Key research themes
1. How does organizational and task context moderate the effectiveness of cross-functional teams?
This research area investigates under which organizational conditions and task structures cross-functional teams (CFTs) deliver superior performance versus when their functional diversity induces conflict and reduces effectiveness. Understanding these contextual moderators is critical because CFTs are frequently used with the expectation of enhanced innovation and problem-solving, yet empirical findings on their outcomes are mixed. Research emphasizes the role of organizational design, innovation unit structure, connectedness at firm-level, and the nature of tasks (execution vs. creative) in shaping whether functional diversity leads to conflict or collaboration and ultimately improves performance.
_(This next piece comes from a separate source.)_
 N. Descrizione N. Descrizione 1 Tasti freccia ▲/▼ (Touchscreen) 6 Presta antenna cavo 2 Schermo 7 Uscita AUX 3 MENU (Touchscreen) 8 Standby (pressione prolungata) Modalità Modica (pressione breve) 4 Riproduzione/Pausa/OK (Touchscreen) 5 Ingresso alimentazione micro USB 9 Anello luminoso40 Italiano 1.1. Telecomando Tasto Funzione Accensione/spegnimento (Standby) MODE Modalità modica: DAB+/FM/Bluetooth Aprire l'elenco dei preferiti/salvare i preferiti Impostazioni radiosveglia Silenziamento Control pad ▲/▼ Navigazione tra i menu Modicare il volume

2. What team processes and dynamics facilitate knowledge integration and effective collaboration in cross-functional or global virtual teams?
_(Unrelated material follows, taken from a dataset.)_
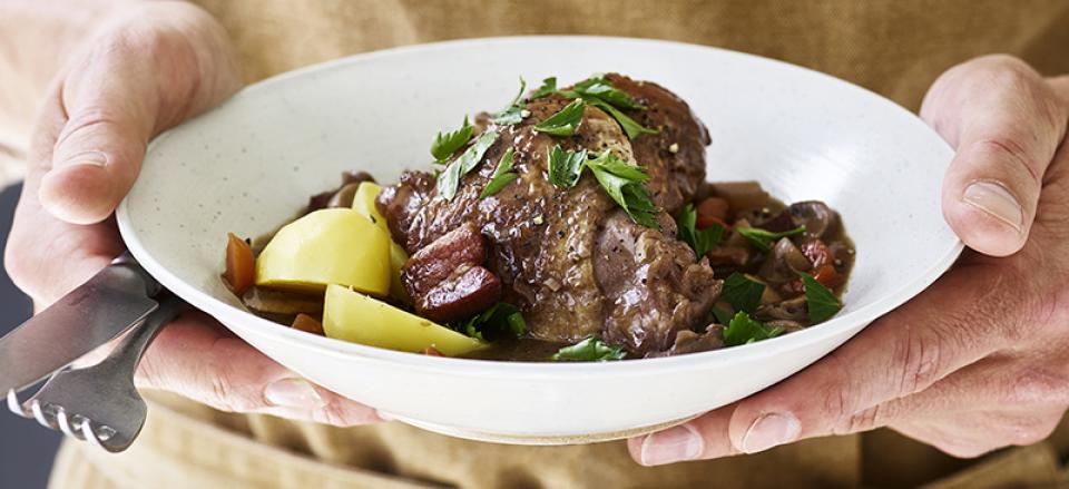 Hæld fond ved, læg låg på, og lad retten simre i 45 min.

This theme focuses on how team-level interaction processes—including communication, trust development, shared mental models, and collaboration engineering—enable diverse teams to integrate knowledge and perform effectively despite functional, cultural, or geographic differences. Cross-functional and virtual teams face disruption risks such as misaligned roles, low trust, and ineffective coordination. Research examines mechanisms that foster collective cognition and smooth information flow to convert diversity into innovation and high performance.
3. How do team diversity dimensions (functional, cultural) influence intra-team conflict and trust, and what are their implications for team performance?
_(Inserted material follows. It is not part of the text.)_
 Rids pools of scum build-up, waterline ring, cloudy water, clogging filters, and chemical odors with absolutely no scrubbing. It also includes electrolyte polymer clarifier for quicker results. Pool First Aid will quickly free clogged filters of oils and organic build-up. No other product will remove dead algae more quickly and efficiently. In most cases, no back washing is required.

This research area explores the dual-edged nature of diversity in teams, focusing on how different diversity attributes (functional, cultural, surface-level, deep-level) relate to types of conflict (task, relationship, role), the development of intra-team trust, and eventual performance outcomes. It highlights the mechanisms through which diversity can foster innovation versus cause social categorization and faultlines that reduce cooperation, emphasizing the moderating roles of trust and team processes in mitigating conflict and enabling team success.